WORK TO BE COMPLETED
All of the data that follows is to be printed exactly, without pictures.

THE DATA
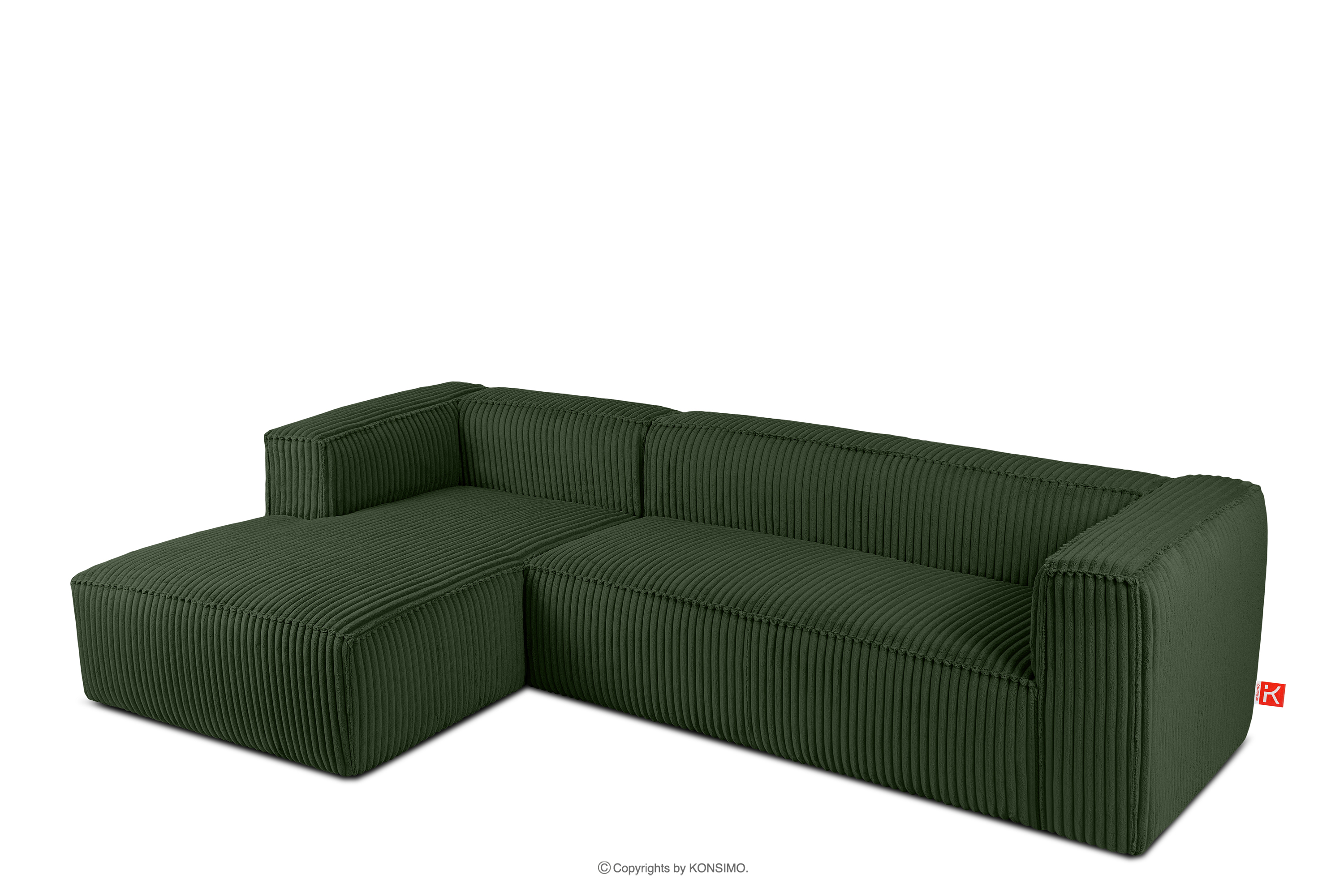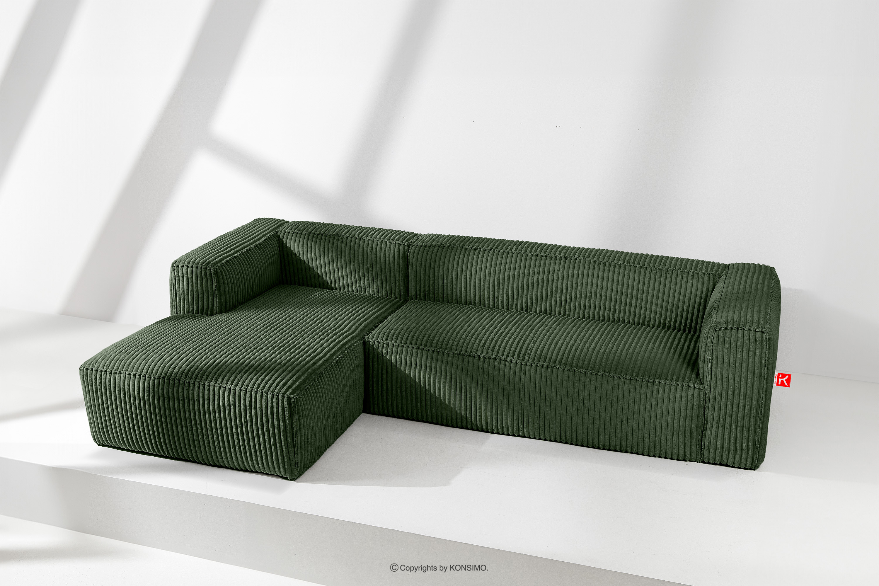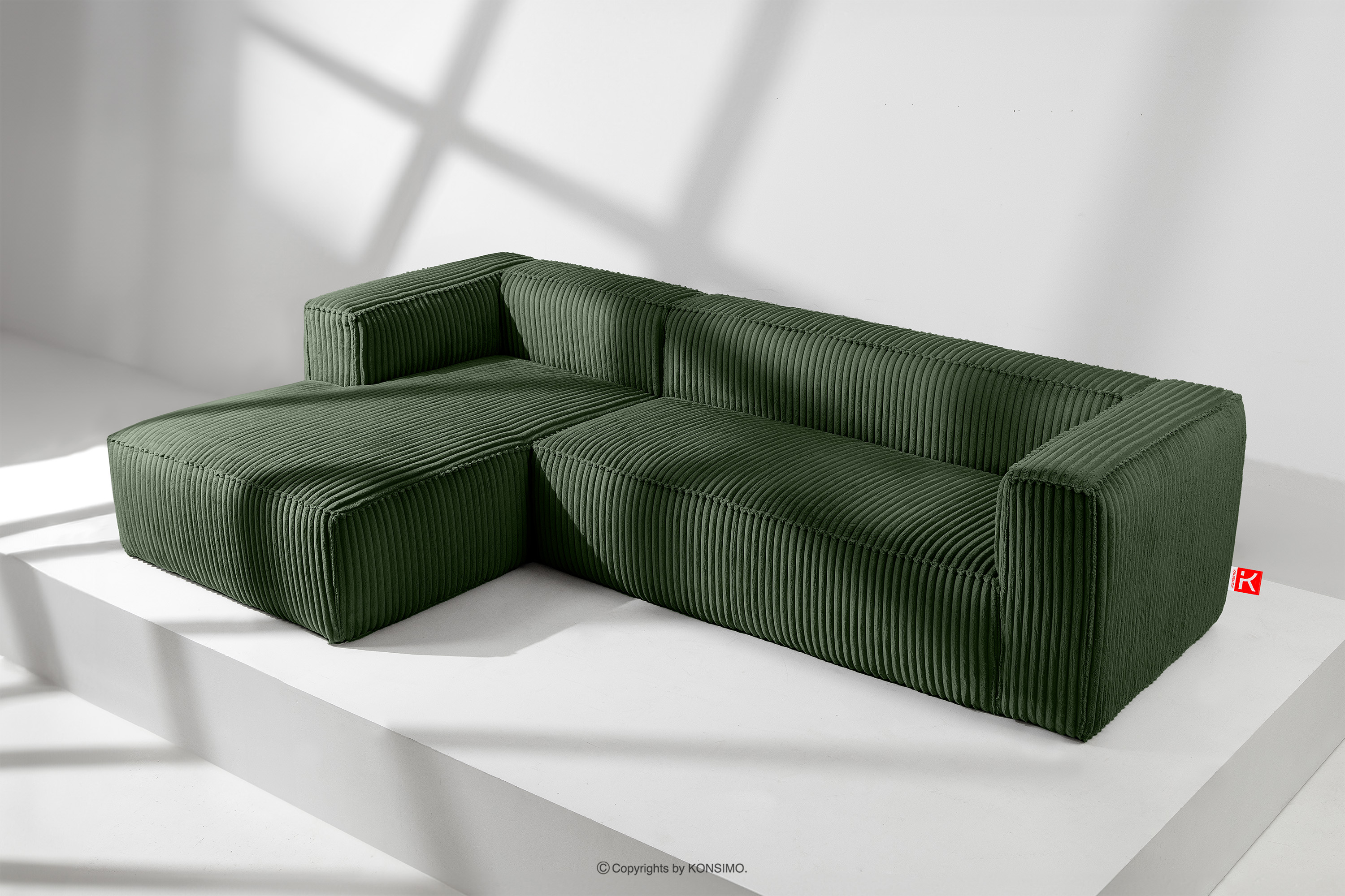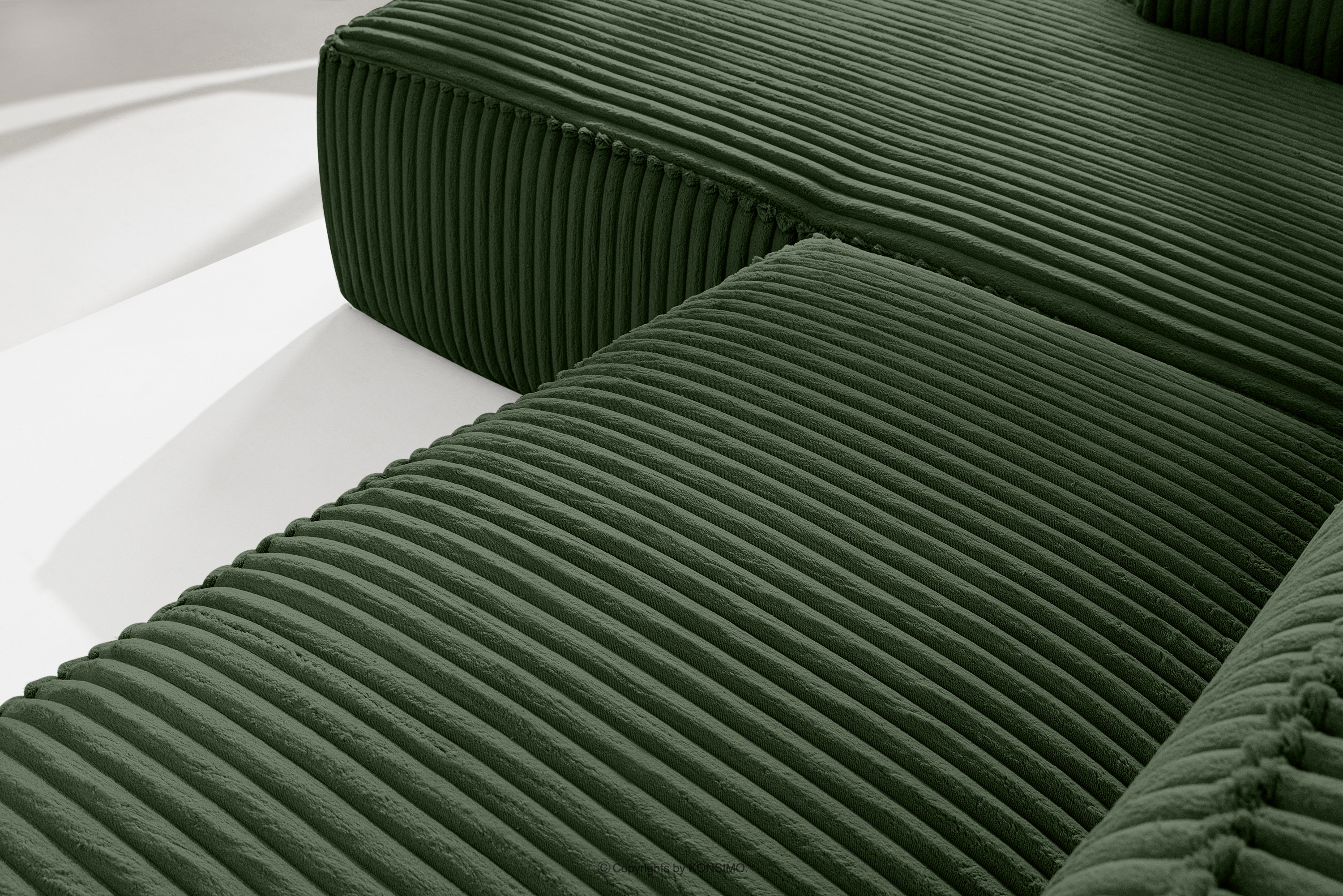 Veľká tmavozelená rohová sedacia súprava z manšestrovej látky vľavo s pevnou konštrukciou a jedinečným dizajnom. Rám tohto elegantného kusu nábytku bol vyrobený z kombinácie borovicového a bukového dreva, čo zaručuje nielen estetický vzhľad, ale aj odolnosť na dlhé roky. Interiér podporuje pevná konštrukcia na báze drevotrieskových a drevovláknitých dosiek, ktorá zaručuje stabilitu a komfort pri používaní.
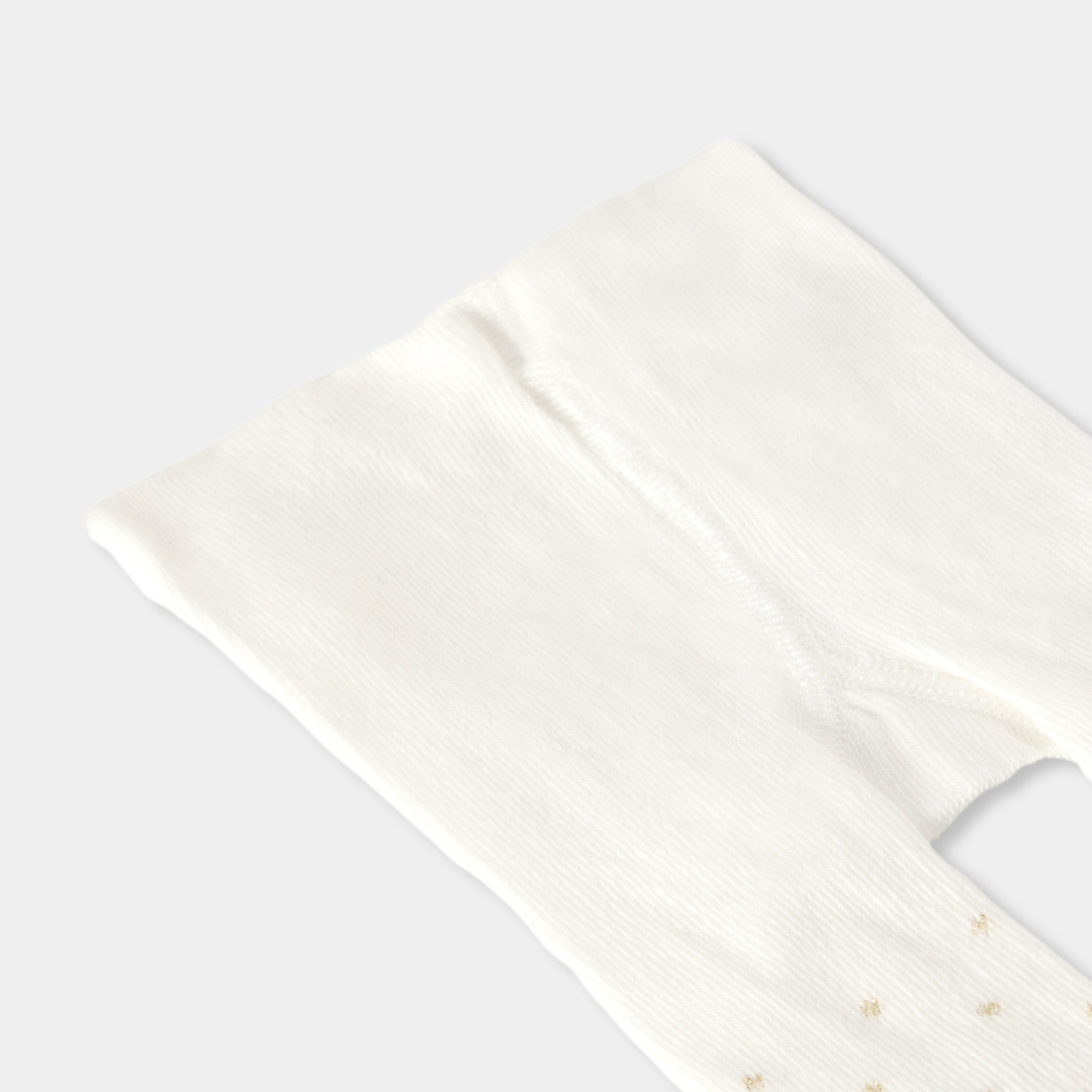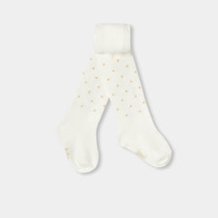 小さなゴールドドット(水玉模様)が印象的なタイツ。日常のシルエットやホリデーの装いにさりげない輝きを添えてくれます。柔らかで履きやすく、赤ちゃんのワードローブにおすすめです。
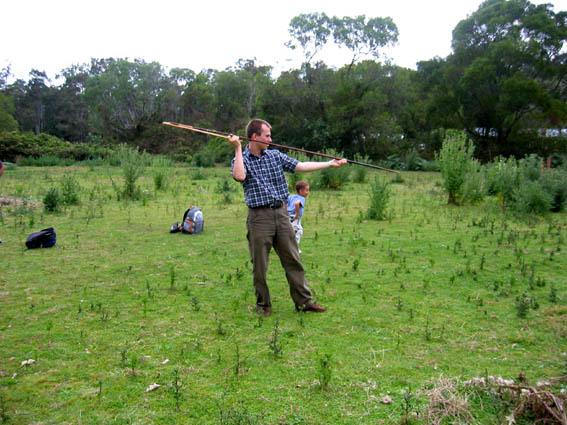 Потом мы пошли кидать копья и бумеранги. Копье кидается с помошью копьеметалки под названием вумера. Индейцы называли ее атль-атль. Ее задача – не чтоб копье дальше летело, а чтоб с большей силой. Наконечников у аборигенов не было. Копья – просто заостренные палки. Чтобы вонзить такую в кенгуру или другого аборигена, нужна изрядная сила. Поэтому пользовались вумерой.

WRITTEN ANSWER
 Veľká tmavozelená rohová sedacia súprava z manšestrovej látky vľavo s pevnou konštrukciou a jedinečným dizajnom. Rám tohto elegantného kusu nábytku bol vyrobený z kombinácie borovicového a bukového dreva, čo zaručuje nielen estetický vzhľad, ale aj odolnosť na dlhé roky. Interiér podporuje pevná konštrukcia na báze drevotrieskových a drevovláknitých dosiek, ktorá zaručuje stabilitu a komfort pri používaní.
 小さなゴールドドット(水玉模様)が印象的なタイツ。日常のシルエットやホリデーの装いにさりげない輝きを添えてくれます。柔らかで履きやすく、赤ちゃんのワードローブにおすすめです。
 Потом мы пошли кидать копья и бумеранги. Копье кидается с помошью копьеметалки под названием вумера. Индейцы называли ее атль-атль. Ее задача – не чтоб копье дальше летело, а чтоб с большей силой. Наконечников у аборигенов не было. Копья – просто заостренные палки. Чтобы вонзить такую в кенгуру или другого аборигена, нужна изрядная сила. Поэтому пользовались вумерой.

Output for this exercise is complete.